# Work instructions
With pictures left out, output word for word the lines from the one containing "Madison Park Couverture" through the end of the material below.
──────── Records for the exercise
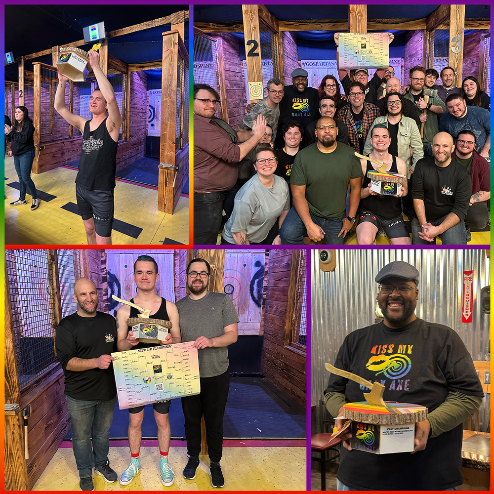 It was a record-setting season as 40 participants competed for the Kiss My GAAY Axe Championship this season. Players completed 28 regular season matches over the first 7 weeks. Then on the 8th week, players were seeded in order of their regular season finish for a winner-take-all double elimination tournament. In the end, one player finished the evening with a win and the title. Congratulations to JJ Snook for taking home the championship for the 2nd time! Eric Miller was runner-up and Nicholas Wendling finished 3rd.
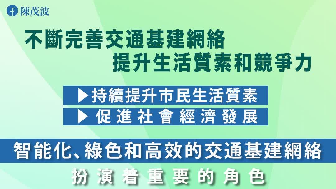 陳茂波指出,持續提升市民生活質素、促進社會和經濟發展,智能化、綠色和高效的交通基建網絡扮演着重要的角色;它也提升香港整體競爭力,包括加強香港與內地特別是粵港澳大灣區的經濟融合,是積極對接國家發展戰略的重要部分。英國《Time Out》雜誌於2025年進行指標調查,由當地人對當地公共交通,包括巴士、鐵路及電車等作出評分,其中香港的公共交通系統全球排名第一。而在國際諮詢公司聯同美國大學制定的《城市流動就緒指數2024》,香港的公共交通系統也在眾多國際大城市中排名第二、綠色運輸系統更是亞洲第一。不少訪港旅客及曾到外地的朋友,也高度讚許香港交通系統的便捷高效。事實上,《世界競爭力年報》《國際金融中心指數》等排名,亦把交通網絡納入為評估不同地方競爭力的因素之一。
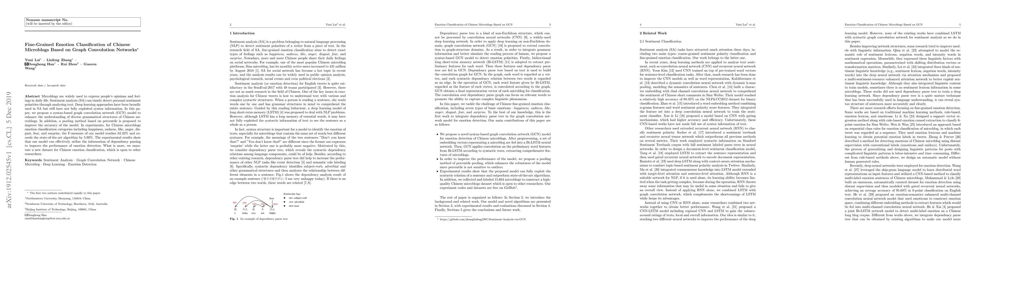 Microblogs are widely used to express people's opinions and feelings in daily life. Sentiment analysis (SA) can timely detect personal sentiment polarities through analyzing text. Deep learning approaches have been broadly used in SA but still have not fully exploited syntax information. In this paper, we propose a syntax-based graph convolution network (GCN) model to enhance the understanding of diverse grammatical structures of Chinese microblogs. In addition, a pooling method based on percentile is proposed to improve the accuracy of the model. In experiments, for Chinese microblogs emotion classification categories including happiness, sadness, like, anger, disgust, fear, and surprise, the F-measure of our model reaches 82.32% and exceeds the state-of-the-art algorithm by 5.90%. The experimental results show that our model can effectively utilize the information of dependency parsing to improve the performance of emotion detection. What is more, we annotate a new dataset for Chinese emotion classification, which is open to other researchers.
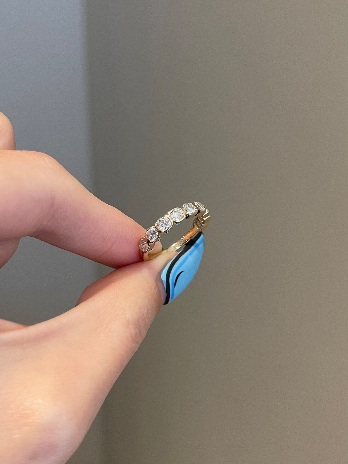 0.90 TCW Cushion Shaped Moissanite Half Eternity Wedding Band
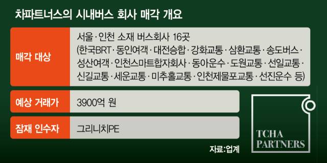 그리니치PE는 인수하려는 대상은 차파트너스가 4개 펀드를 통해 보유 중인 버스회사 16곳이다. 차파트너스는 ‘퍼블릭모빌리티 1호 PEF’를 통해 한국BRT·명진교통·동인여객·대전승합을, ‘퍼블릭모빌리티 2호 PEF’를 통해 강화교통·삼환교통·송도버스·성산여객·인천스마트합자회사를, ‘퍼블릭모빌리티 3호 PEF’를 통해 동아운수를, ‘ESG퍼블릭모빌리티 PEF’를 통해 도원교통·선일교통·신길교통·세운교통 등을 인수했다. 서울, 인천 등 수도권에 위치한 이들 버스회사가 보유한 시내버스는 총 2000대에 이른다. 이중 명진교통은 차파트너스가 지난해 7월 선진네트웍스그룹에 100억 원을 받고 매각했다.
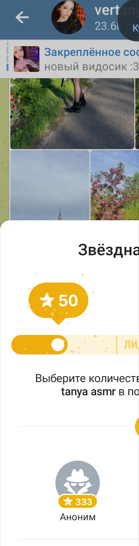 >>198529 просто занял нишу, другой звёзды кидает и ему некогда строчить и как бы бывшая ещё не ушла наверняка. помимо него несколько человек тоже сражаются донатами и звёздами (как бы для этого и придуманы подарки и звёзды в телеге - чтобы выделяться, без этого ты просто число просмотренных)
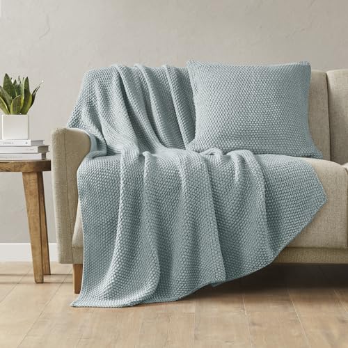 Madison Park Couverture Douce certifiée 100% Coton égyptien Respirante, Confortable et Respirante, Design Classique en Tricot gaufré de qualité supérieure, Housse légère de Luxe pour lit, canapé et
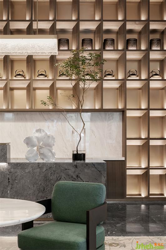 依嶺南儒雅文化為特點(diǎn),結(jié)合售樓部設(shè)計(jì)的情景模式的功能需求,通高的鏤空方形石材盒子組成幕墻,透過自然光影的輝映,以無限的靜默將室內(nèi)外的界限完全打破,無限延伸可視域范圍,城景合一,建景相融的場所精神。后場以禮序?yàn)樾?,呈現(xiàn)中國五進(jìn)歸家之禮,層層遞進(jìn),雅趣橫生。
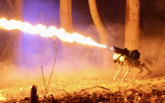 Pero la verdadera funcionalidad del perro robot ha sido ampliamente cuestionada. La empresa afirma que otras aplicaciones incluyen “control agrícola”, “conservación ecológica”, “eliminación de nieve y hielo” e incluso “entretenimiento y efectos especiales”. Tiene un alcance de hasta 9 metros con sus llamas y funciona con gasolina o napalm.
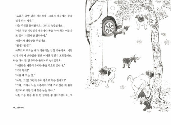 가족들이 떠나던 날, 앗쭈구리는 생판 모르는 새 가족들 틈에서 무섭고 화가 났을 거예요. 잠을 자는데 코를 드릉드릉 천장이 무너지도록 골았대요.
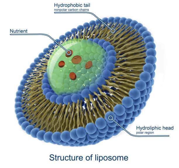 Lipozomlar, hücre zarını taklit eden, dışı suyu seven (hidrofilik), içi ise yağı seven (lipofilik) çift katmanlı fosfolipit kürecikleridir.
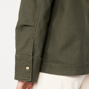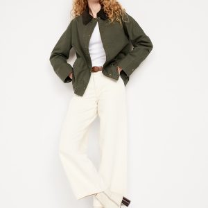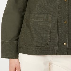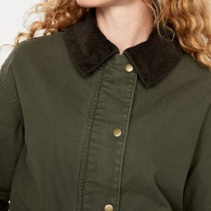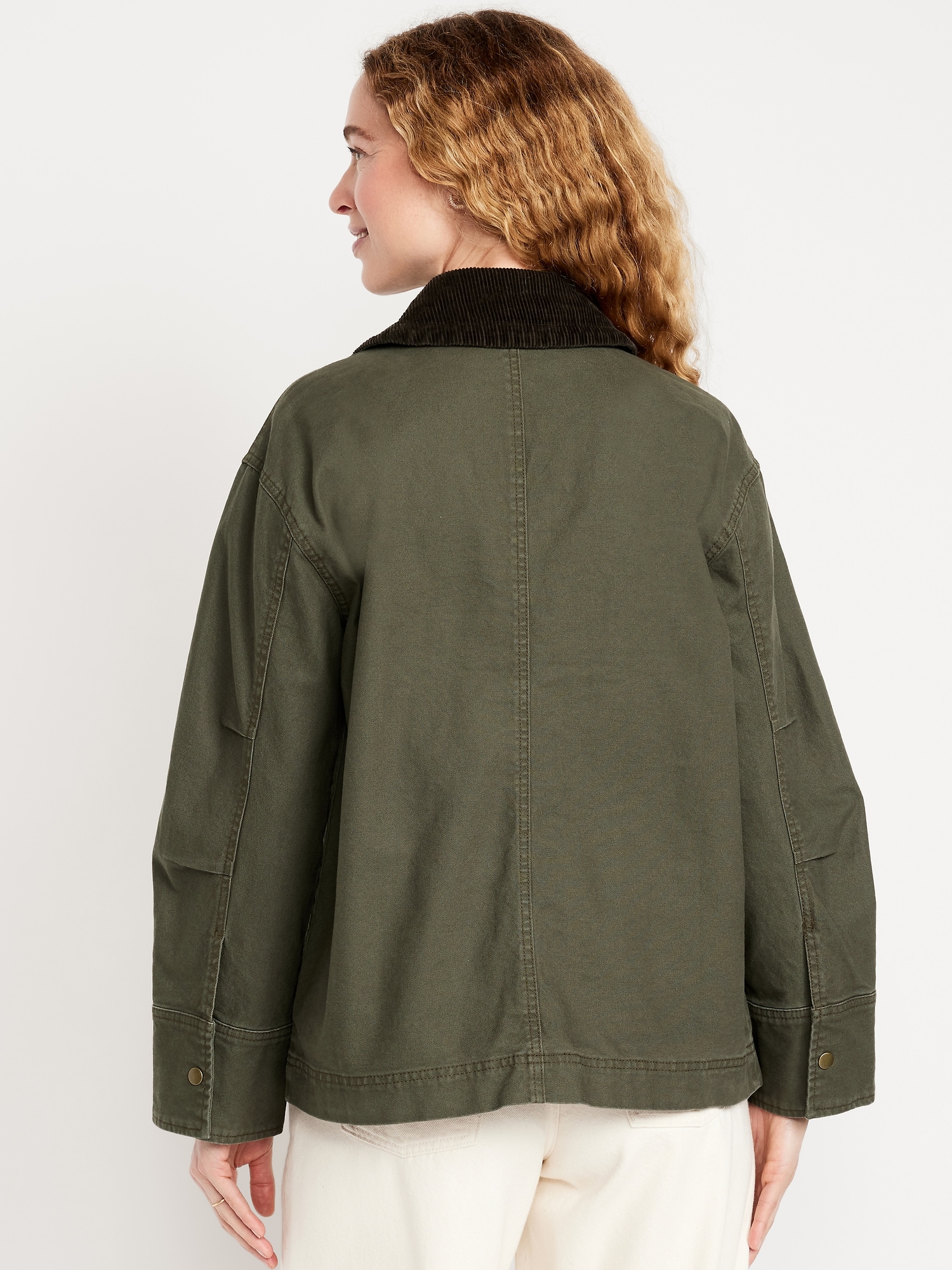 Canvas Barn Jacket: corduroy collar, long sleeves with snap cuffs, full-snap front with hidden zipper, patch pockets, #766357
────────────────
# Exercise solution
 Madison Park Couverture Douce certifiée 100% Coton égyptien Respirante, Confortable et Respirante, Design Classique en Tricot gaufré de qualité supérieure, Housse légère de Luxe pour lit, canapé et
 依嶺南儒雅文化為特點(diǎn),結(jié)合售樓部設(shè)計(jì)的情景模式的功能需求,通高的鏤空方形石材盒子組成幕墻,透過自然光影的輝映,以無限的靜默將室內(nèi)外的界限完全打破,無限延伸可視域范圍,城景合一,建景相融的場所精神。后場以禮序?yàn)樾?,呈現(xiàn)中國五進(jìn)歸家之禮,層層遞進(jìn),雅趣橫生。
 Pero la verdadera funcionalidad del perro robot ha sido ampliamente cuestionada. La empresa afirma que otras aplicaciones incluyen “control agrícola”, “conservación ecológica”, “eliminación de nieve y hielo” e incluso “entretenimiento y efectos especiales”. Tiene un alcance de hasta 9 metros con sus llamas y funciona con gasolina o napalm.
 가족들이 떠나던 날, 앗쭈구리는 생판 모르는 새 가족들 틈에서 무섭고 화가 났을 거예요. 잠을 자는데 코를 드릉드릉 천장이 무너지도록 골았대요.
 Lipozomlar, hücre zarını taklit eden, dışı suyu seven (hidrofilik), içi ise yağı seven (lipofilik) çift katmanlı fosfolipit kürecikleridir.
 Canvas Barn Jacket: corduroy collar, long sleeves with snap cuffs, full-snap front with hidden zipper, patch pockets, #766357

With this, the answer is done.